Jessa wakes biting back a cry. The noise comes out as a hiss. She will lie in bed with her lips pursed, when this happens. I don’t know for how long. Then she will sigh, as though she is disappointed in herself, and tramp down the hall and into our bedroom.
Bass’s bedroom, now.
As often as not he will be in the kitchen when she comes looking for him. Sometimes drinking Scotch and other times drinking warm milk with a little cinnamon. It’s what I make, what I made, for the boys and Jessa when they had nightmares or couldn’t sleep.
Jessa and Bass will curl up in bed. Bass on my side. Jessa on his. They fall asleep back to back and always wake up holding hands. They sleep with the blankets kicked off and the portable fan in the corner of the room on high.
Nearly every night these things play out.
And nobody ever speaks.
*
In so many ways, the house has moved on without me. Beyond me. But some things remain unchanged. As if they are stalled. As if time has stalled without me.
There is fresh, mismatched bedding on Bass’s bed. Flannelette and cotton, blue-grey and orange. He has left my pillowcase on. The blue and white patterns of it. He sleeps on it every night. It must smell more like him now than it ever did of me.
Jessa chips the nail polish off all her fingers but leaves it on her toes. It’s nearly grown out, just little flecks left on her big toes. Blue nail polish. I’d put it on for her, to cheer her up over a miserable day at school.
The jar of nail polish is still on the coffee table. I want Jessa to unscrew the lid. I want her to paint her nails. I want the boys or maybe my sister, Bea, to paint the nails on her right hand, her dominant hand.
A few of the same towels are still hung in the bathroom. They have been in there for weeks, maybe months. I don’t think anyone is using them, but nobody is washing them clean, either.
The radio is tuned to the golden oldies station I liked to listen to. The sound of it. It makes the world soften.

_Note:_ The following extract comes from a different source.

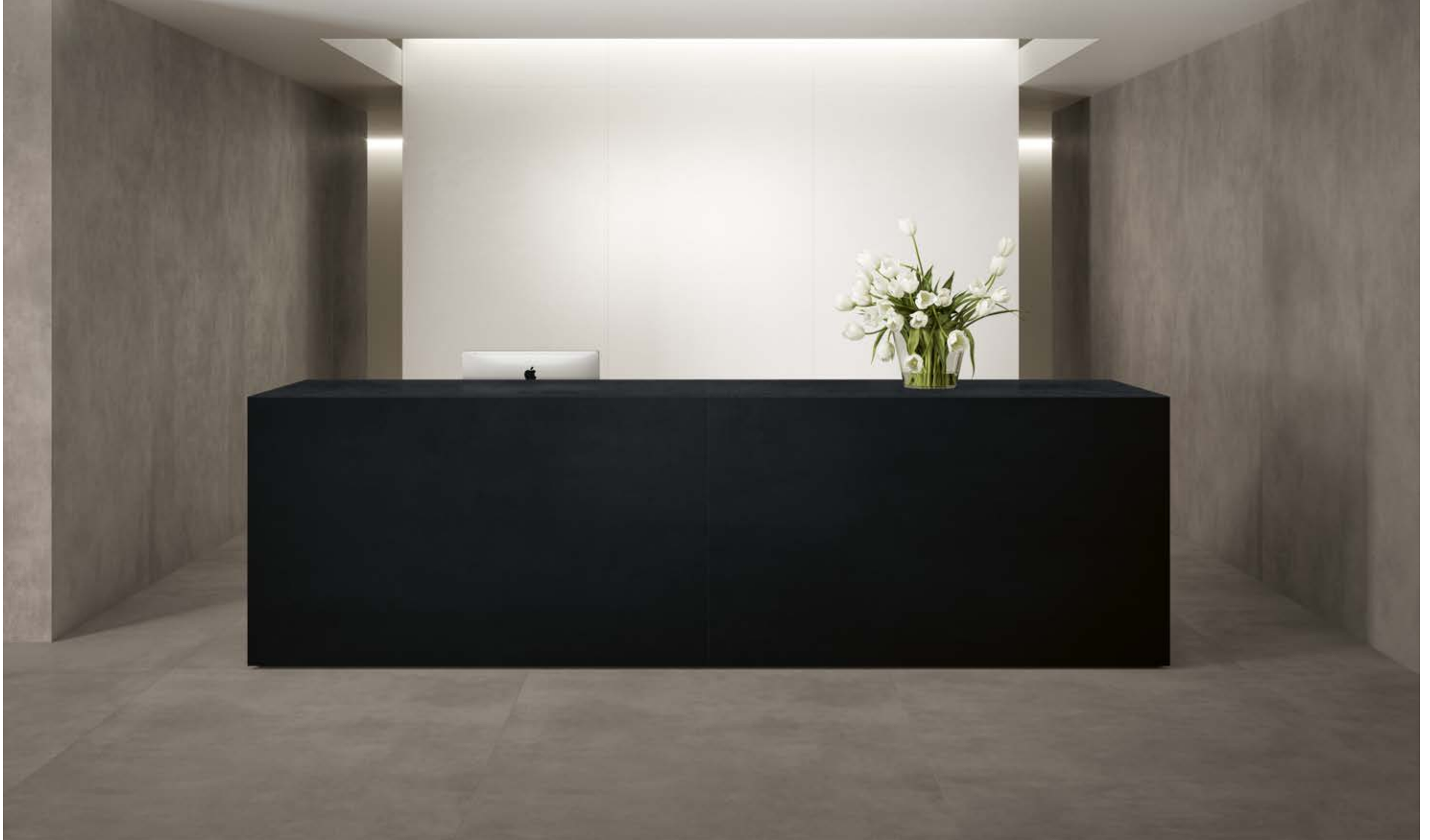
Floor & Wall Grande Concrete Look Crete

It reminds me of my eyes blurring with tears.
The roses I picked from the garden and set on the sideboard in the living room have lost their colour, are rotting in water that is now mostly green. Their petals are papery and brown, under lounge chairs and puffed down the hallway and into other rooms. There are other flowers, set into corners and on tables. Flowers I haven’t seen before. Dying flowers, some with cards still attached. On shelves and in dirty vases on the verandah.
There is dog hair, dust. Collecting in nests under the couches and chairs and tables. I wonder if it smells dusty, inside. Smells as stale as it looks.

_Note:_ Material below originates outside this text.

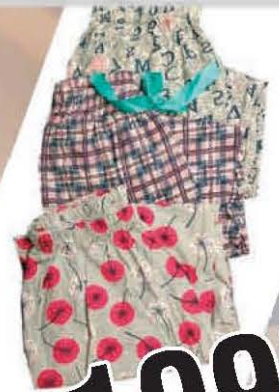
PIDŽAMA ŽENSKA DONJI DEO STORETURCO

Outside, the property is yellowed and browned from summer. The only green is in the beds immediately around the house. Even the leaves on the eucalypts, the silver stringybarks and lemon scented, are dulled from the heat and the dust.
A pang, like something metallic pressed against the tongue. I want them to move, one way or another. I want them to throw out the roses. I want them to vacuum. I want them to wash every piece of bedding, every piece of tearstained clothing. Blue nail polish. A tended garden. I want them to move. Be moving.
Secateurs left near the rose beds. There are clothes turning damp in the dryer.